ABOUT THIS EXERCISE: Each line from the one holding "Firmin Didot Paris, Firmin" through the end of the records should be returned exactly, while pictures are skipped.

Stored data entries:
=== Begin Enclosure ===

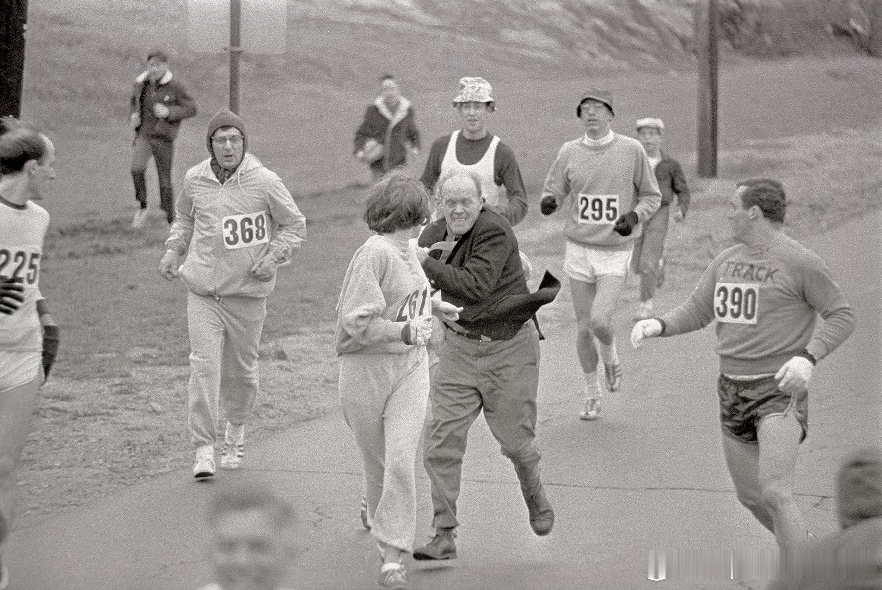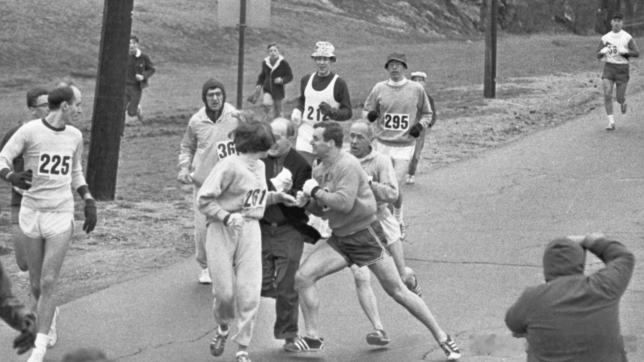 跑马拉松并不是一件容易的事,但对于凯瑟琳-斯威策(Katherine Switzer)来说却更加困难,因为她选择挑战规则,成为1967年参加波士顿马拉松赛的第一位女性。在这里,你可以看到跑步者和比赛组织者试图阻止她参加比赛。她完成了马拉松比赛,她的行为导致女性在1972年被允许正式参加马拉松比赛历史影像
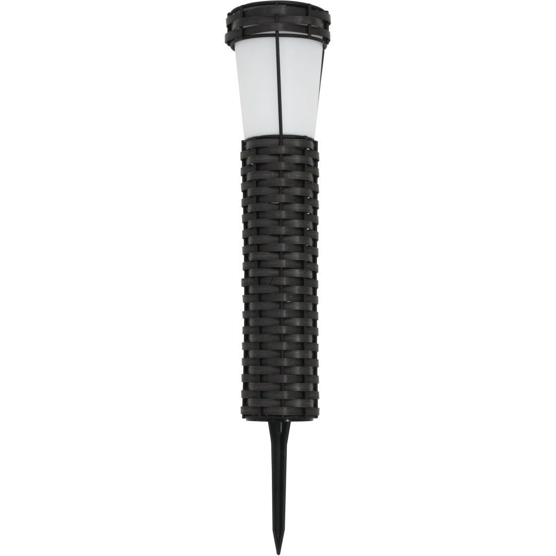 Solar aiavalgusti mõõtmed on 5,5 x 5,5 x 36,5 cm. Valgusti on valmistatud plastikust ja sellel on 6 sooja valge valgusega LED-i. Valgusefekt on leegiefekt. Kasutusel on amorfne päikesepaneel. Komplektis on 1 x 1,2 V 2/3 AAA 100 mAh aku.
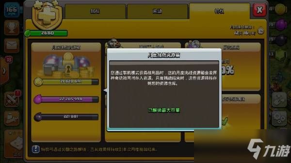在部落冲突手游中,这个月所有进攻别人得到的资源(金币、圣水、黑油等)都会按相同数量存入月度挑战资源箱,等到挑战结束(为期一个月),月度挑战资源箱的资源就会自动存入家乡资源仓库。上限最高2500w金币和圣水。
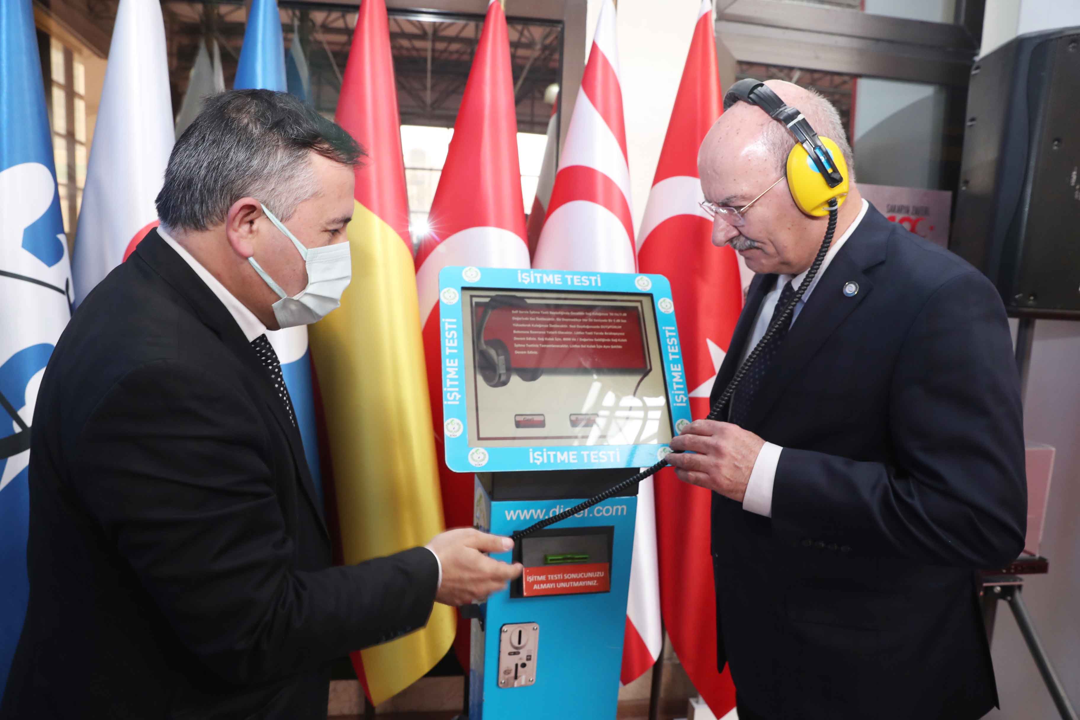 Konuşmaların ardından ATO Başkanı Baran, her iki kulağın da duyma seviyelerini ölçen kioskların yer aldığı "İşitme Testi Noktası"nı ziyaret ederek, işitme testi yaptırdı.
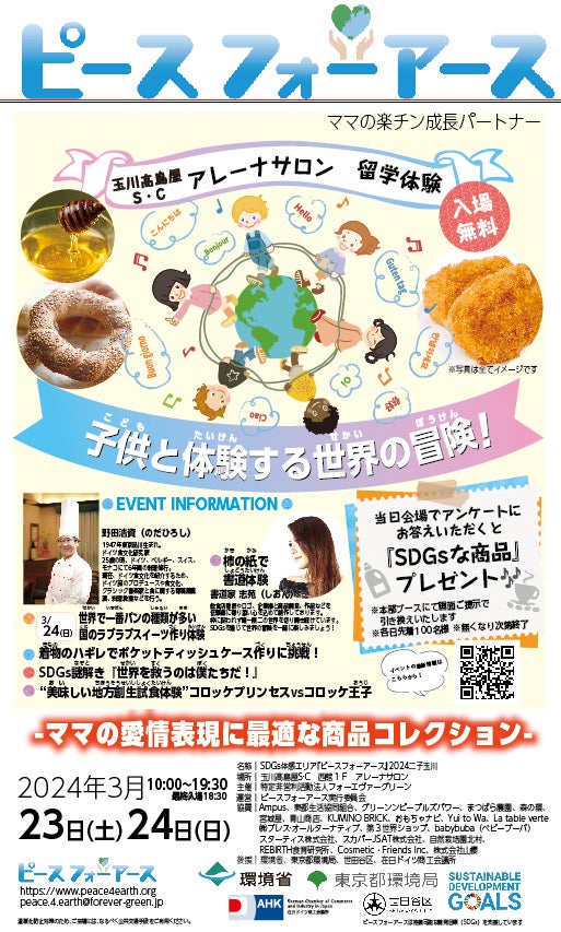地球温暖化防止活動や、環境教育・自然エネルギーの普及に取り組む特定非営利活動法人フォーエヴァーグリーン(東京都渋谷区、理事長:渡邊圭)は、2024年3月23日(土)、24日(日)、玉川髙島屋S・C 西館1F アレーナサロンにて愛を体感できるイベント「ピースフォーアース 2024 二子玉川」を開催いたします。ママの想いを伝える、お子様と愛し合うヒントが詰まった場所です。
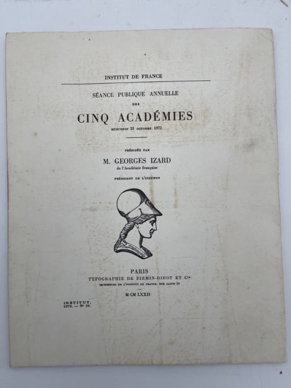 Firmin Didot Paris, Firmin Didot 1972. Institut de France. Plaquette in-4 brochée de 54 pages. Présidée par M Goerges Izard. Couverture salie
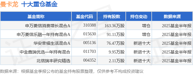 根据2025基金半年报公募基金重仓股数据,重仓该股的公募基金共5家,其中持有数量最多的公募基金为申万菱信基金的申万菱信消费增长混合A。申万菱信消费增长混合A目前规模为1.63亿元,最新净值1.493(9月30日),较上一交易日上涨0.27%,近一年上涨34.99%。该公募基金现任基金经理为刘含。刘含在任的基金产品包括:申万菱信乐融一年持有混合A,管理时间为2023年11月29日至今,期间收益率为61.11%。
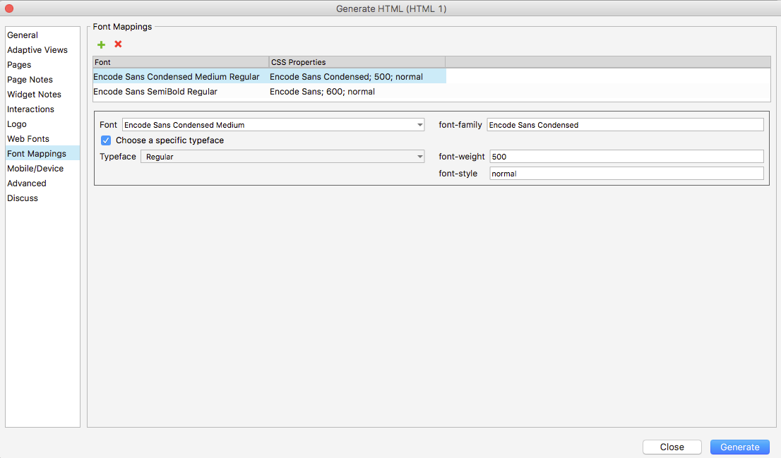 Generally if you include all needed font weights in the web fonts tab then it is not necessary to include font mappings. For a few of the fonts though, it looks like how they get named and rendered when installed locally doesn’t quite match the info in the browser, such as Encode Sans Semibold. To help with that, you can create font mapping entries that take the specific font that isn’t rendering and maps it to the correct font-family and weight as specified by Google. For example, to fix Encode Sans Semibold the following seemed to work:
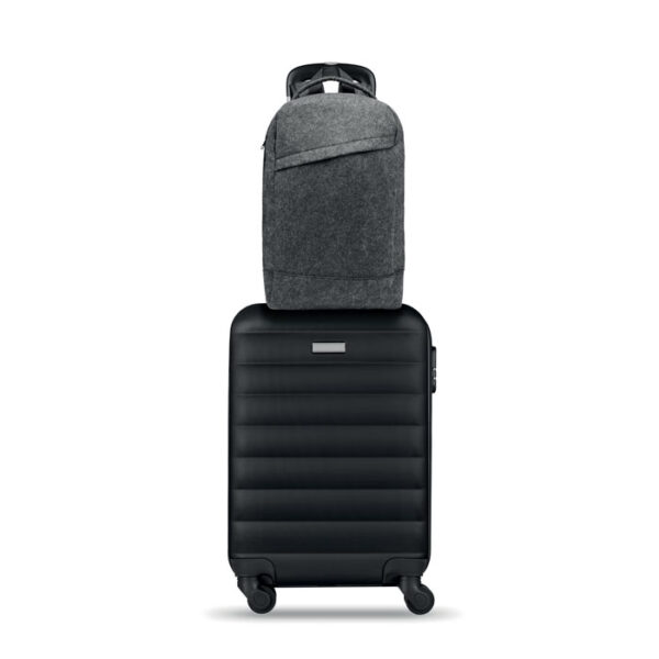 Διαφημιστικό Σακίδιο από τσόχα ανακυκλωμένου πολυεστέρα PRET με εκτύπωση ή θερμομεταφορά ή και ψηφιακή θερμομεταφορά των στοιχείων της επιχείρησής σας. Διαθέτει κύρια θήκη για laptop 13 ιντσών και μπροστινή τσέπη με κλείσιμο φερμουάρ. Περιλαμβάνει ακόμη, ιμάντα διέλευσης αποσκευών και ιμάντες μεταφοράς για τοποθέτηση στην πλάτη.
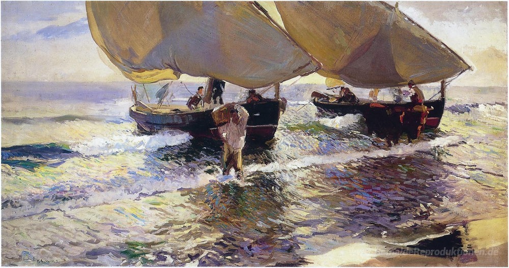 Wir bieten Ihnen eine handgefertigte Reproduktion auf Leinwand des berühmten Kunstwerks 'Die Ankunft der Boote' von Joaquín Sorolla, aus dem Reproduktionsmuseum.
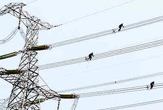 | 年初,杭州電網遭受冰雪災害破壞。圖為電力職工正在修復最后一條受損線路。施健學
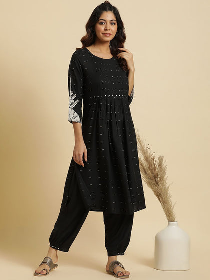 all about you Foil Printed Empire Kurta Sets With Dupatta

=== End Enclosure ===

WRITTEN SOLUTION:
 Firmin Didot Paris, Firmin Didot 1972. Institut de France. Plaquette in-4 brochée de 54 pages. Présidée par M Goerges Izard. Couverture salie
 根据2025基金半年报公募基金重仓股数据,重仓该股的公募基金共5家,其中持有数量最多的公募基金为申万菱信基金的申万菱信消费增长混合A。申万菱信消费增长混合A目前规模为1.63亿元,最新净值1.493(9月30日),较上一交易日上涨0.27%,近一年上涨34.99%。该公募基金现任基金经理为刘含。刘含在任的基金产品包括:申万菱信乐融一年持有混合A,管理时间为2023年11月29日至今,期间收益率为61.11%。
 Generally if you include all needed font weights in the web fonts tab then it is not necessary to include font mappings. For a few of the fonts though, it looks like how they get named and rendered when installed locally doesn’t quite match the info in the browser, such as Encode Sans Semibold. To help with that, you can create font mapping entries that take the specific font that isn’t rendering and maps it to the correct font-family and weight as specified by Google. For example, to fix Encode Sans Semibold the following seemed to work:
 Διαφημιστικό Σακίδιο από τσόχα ανακυκλωμένου πολυεστέρα PRET με εκτύπωση ή θερμομεταφορά ή και ψηφιακή θερμομεταφορά των στοιχείων της επιχείρησής σας. Διαθέτει κύρια θήκη για laptop 13 ιντσών και μπροστινή τσέπη με κλείσιμο φερμουάρ. Περιλαμβάνει ακόμη, ιμάντα διέλευσης αποσκευών και ιμάντες μεταφοράς για τοποθέτηση στην πλάτη.
 Wir bieten Ihnen eine handgefertigte Reproduktion auf Leinwand des berühmten Kunstwerks 'Die Ankunft der Boote' von Joaquín Sorolla, aus dem Reproduktionsmuseum.
 | 年初,杭州電網遭受冰雪災害破壞。圖為電力職工正在修復最后一條受損線路。施健學
 all about you Foil Printed Empire Kurta Sets With Dupatta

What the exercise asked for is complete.